* INFORMATION SUPPLIED:
*** Begin section ***

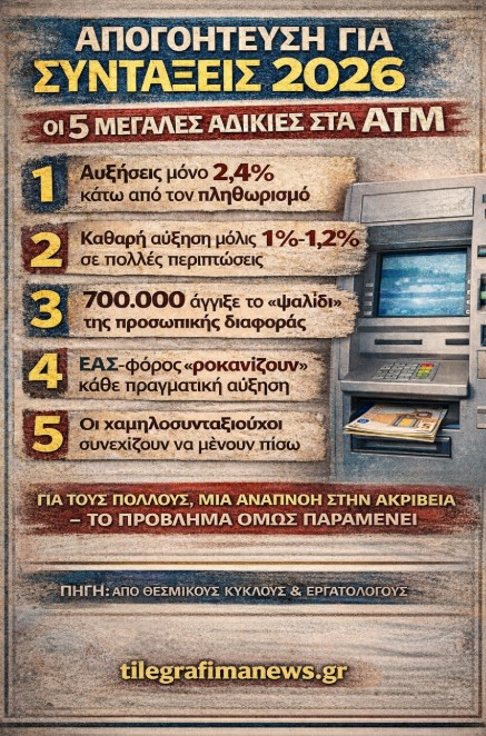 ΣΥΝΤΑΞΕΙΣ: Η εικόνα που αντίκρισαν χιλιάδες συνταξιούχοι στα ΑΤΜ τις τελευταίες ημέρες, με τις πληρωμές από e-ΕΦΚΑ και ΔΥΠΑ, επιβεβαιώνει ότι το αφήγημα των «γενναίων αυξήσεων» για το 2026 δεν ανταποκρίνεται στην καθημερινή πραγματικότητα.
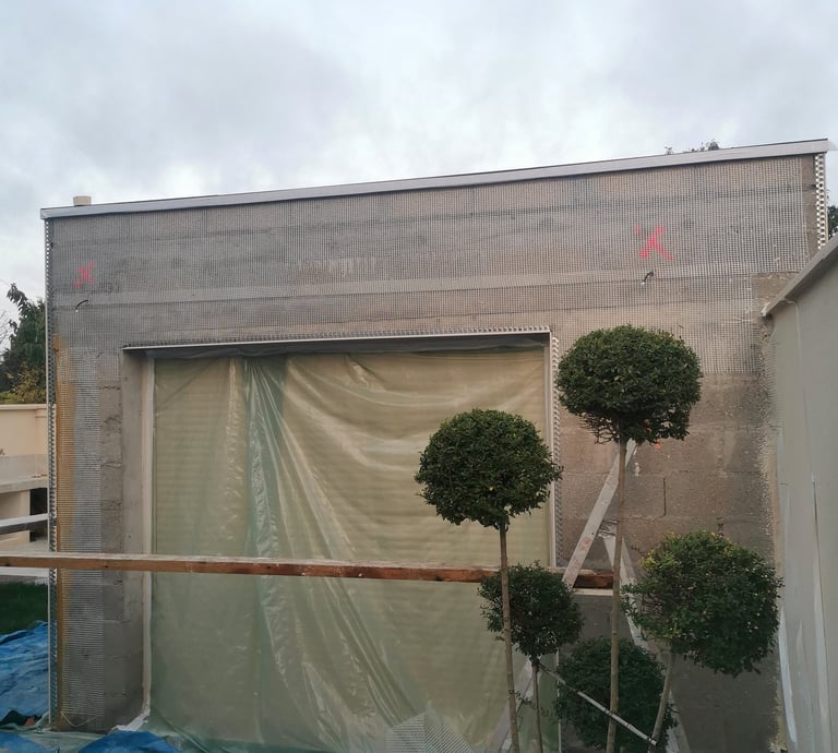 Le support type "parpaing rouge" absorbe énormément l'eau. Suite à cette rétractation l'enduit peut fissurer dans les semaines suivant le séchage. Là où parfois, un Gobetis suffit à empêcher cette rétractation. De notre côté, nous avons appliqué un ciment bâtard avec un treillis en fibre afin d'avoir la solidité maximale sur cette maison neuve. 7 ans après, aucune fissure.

*** End section ***
*** Begin section ***

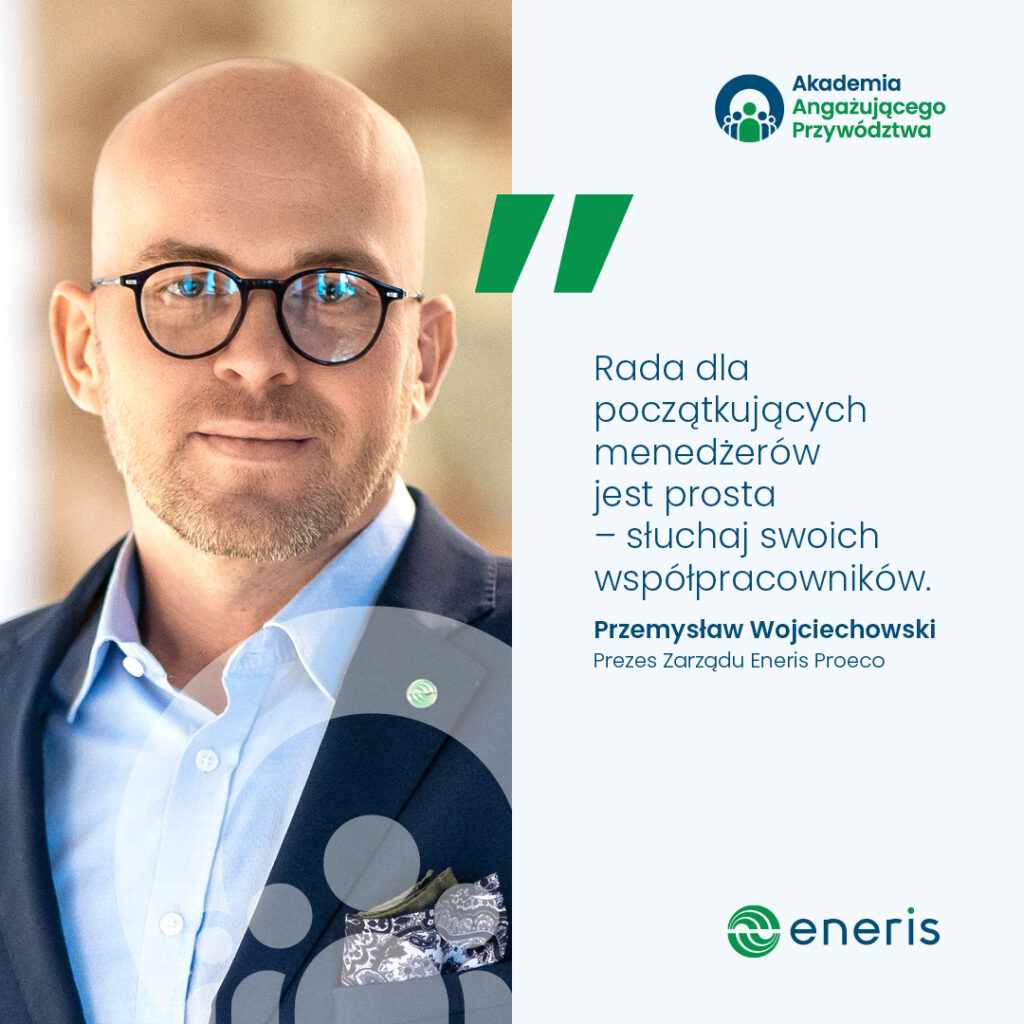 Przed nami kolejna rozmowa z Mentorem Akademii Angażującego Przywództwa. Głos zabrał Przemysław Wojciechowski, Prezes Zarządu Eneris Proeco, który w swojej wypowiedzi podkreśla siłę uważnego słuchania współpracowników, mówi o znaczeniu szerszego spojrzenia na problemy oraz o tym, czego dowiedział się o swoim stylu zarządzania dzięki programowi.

*** End section ***
*** Begin section ***

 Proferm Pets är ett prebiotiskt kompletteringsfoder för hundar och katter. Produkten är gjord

*** End section ***

* PROBLEM TO WORK ON:
Using the material above, transcribe exactly the lines from the one holding "ΣΥΝΤΑΞΕΙΣ: Η εικόνα" to the one holding "Le support type", both ends kept. Do not carry over any pictures.

* TASK OUTPUT:
 ΣΥΝΤΑΞΕΙΣ: Η εικόνα που αντίκρισαν χιλιάδες συνταξιούχοι στα ΑΤΜ τις τελευταίες ημέρες, με τις πληρωμές από e-ΕΦΚΑ και ΔΥΠΑ, επιβεβαιώνει ότι το αφήγημα των «γενναίων αυξήσεων» για το 2026 δεν ανταποκρίνεται στην καθημερινή πραγματικότητα.
 Le support type "parpaing rouge" absorbe énormément l'eau. Suite à cette rétractation l'enduit peut fissurer dans les semaines suivant le séchage. Là où parfois, un Gobetis suffit à empêcher cette rétractation. De notre côté, nous avons appliqué un ciment bâtard avec un treillis en fibre afin d'avoir la solidité maximale sur cette maison neuve. 7 ans après, aucune fissure.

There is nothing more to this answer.